Help ... Geometry! My Bad!

Well, I worked on this problem a bit.

Let $\angle X = 3\theta$ & $\angle Y = 2\theta$. Then $\angle Z = \pi - 5\theta$. Applying sine rule, we get:

$\frac{x}{\sin{3\theta}} = \frac{y}{\sin{2\theta}} = \frac{z}{\sin{5\theta}} = k$ (Say)

Putting in the given equation, it is observed that the equation turns out to be an identity for such a $k$ & $\theta$.

As such you want to find a real $k$ such that $k \sin{2\theta}, k \sin{3\theta}$ & $k \sin{5\theta}$ are all integers, which apparently doesn't seem possible (by noting cases when sine function has 'good looking' rational & irrational values).

Silly rule…

Here's a starter. Currently I have not been able to complete the solution, but I will (probably) post it soon. I am not sure if this is the most elegant way to do this though: it is certainly very tedious.

Let $X= 3 \theta$ and $Y= 2 \theta$. From the cosine rule, $x^2= y^2 + z^2 - 2yz \cos3\theta$. Then, $x^2-y^2= z(z - 2y \cos3\theta)$. Also note that $x^2-y^2+zx= z(z+x-2y \cos3\theta)$. We can now substitute these values in the given equation:

$z^2 (z - 2y \cos3\theta)(z+x-2y \cos3\theta)= y^2z^2$ $\implies (z - 2y \cos 3\theta)(z+x-2y \cos3\theta)= y^2$ $\implies (z - 2y \cos 3\theta)(z+x-2y \cos 3\theta)= z^2 + x^2 - 2xz\cos 2\theta$ If you expand the L.H.S, the $z^2$ term cancels out. The equation, still, will be a gigantic one.

I try to use cosine rule to solve it, but the equation goes complicated...

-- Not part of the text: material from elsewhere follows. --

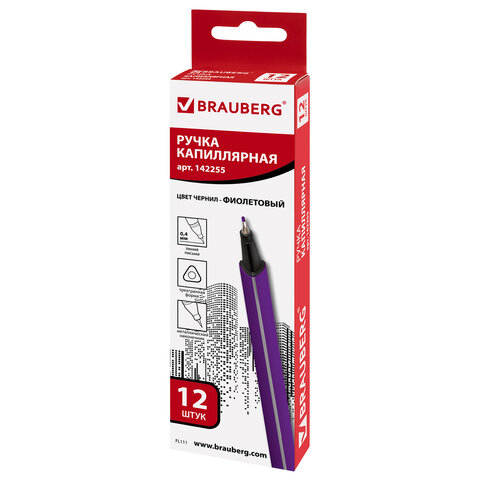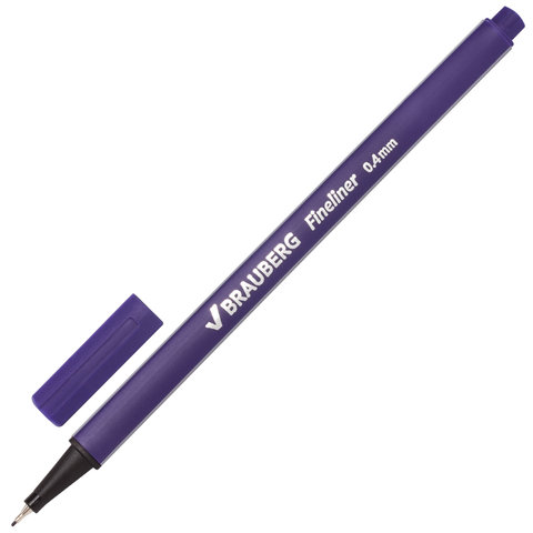 Ручка капиллярная (линер) BRAUBERG "Aero", ФИОЛЕТОВАЯ, трехгранная, металлический наконечник, линия письма 0,4 мм, 142255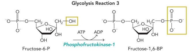 Phosphofructokinase-1 is used to phosphorylate (ATP -> ADP) Fructose-6-P to Fructose-1,6-BP (9)

I'm not sure if this would work: first solve the equation as a diophantine equation. there may be infinity number of solutions or only one may be. Narrow down the possible solutions by triangle inequality. Then check out for which of those solutions, 2X=3Y is true. [ i really am not good at math, so sorry if it is another silly method ]. By the way, I live in NAM garden, near to you.

Silly person...